An advertising business she heard about on a friend’s podcast inspired her. She liked the pricing model – one dollar a day on January 1 to $365 a day on December 31. Customers would determine what day to start. “I have a blog,” Carter thought to herself.

“What if I use the same price structure creating a blogpost about a person or favorite cause if the person bought the day?” Sponsor A Law Kid was born online.

Successful entrepreneurs tend to have an entrepreneur in their background, such as parents or other relatives. Carter observed her father, an independent contractor. When Cheatham was 13, his older brother started a business. Rossi had no model except Carnegie and Rockefeller.

IN BUSINESS

All three entrepreneurs just “did it.” Carter scheduled her blog for 46 days, until her bar exam was over. When some members of the legal community gave her free publicity, her daily readership of less than 100 skyrocketed to 1,200.

She emailed businesses whose products she could endorse, ones she uses, explaining what she was doing and suggesting they buy a day. National companies didn’t bite, but smaller and local businesses proved a good market. She pulled in $3,200 – “I’m not a salesperson,” she interjects – which wiped out the last-semester tuition problem.

Rossi says they get their customers by advertising on social media and doing some celebrity marketing. He and Cheatham sell on-campus. “When a kid here goes home,” Rossi remarks, “his friends order. There’s a trickle-down effect that a college brings.”

“We generated over $1,000 in one day selling out a special edition,” Cheatham comments. “I’d rather spend three months and get one great t-shirt than one month developing ten of poor quality.”
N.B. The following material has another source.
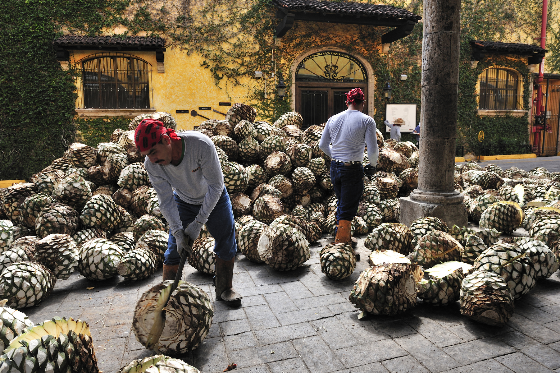 Dělníci rozsekávají plody agáve na nádvoří palírny Jose Cuervo v mexickém Jaliscu.

The owners are striving for high quality and garments that are a joy to wear, not quickly replaceable. All profits at Paradigm Wear go right back into the company.

Do traditional jobs lie in the future for these entrepreneurs? Carter, who passed her bar exam and is waiting for admission, says she has to love what she does, “whether I’m working for myself or someone else. Right now it makes the most sense to strike out on my own and do my own thing.”

She plans to launch an updated traditional package of marketing vehicles, including social media, her blog, word-of-mouth and public speaking, among others.

“Once you get the taste of being an entrepreneur,” Rossi says, “it’s all you want to have.”

“It’s like it’s your child,” Cheatham adds.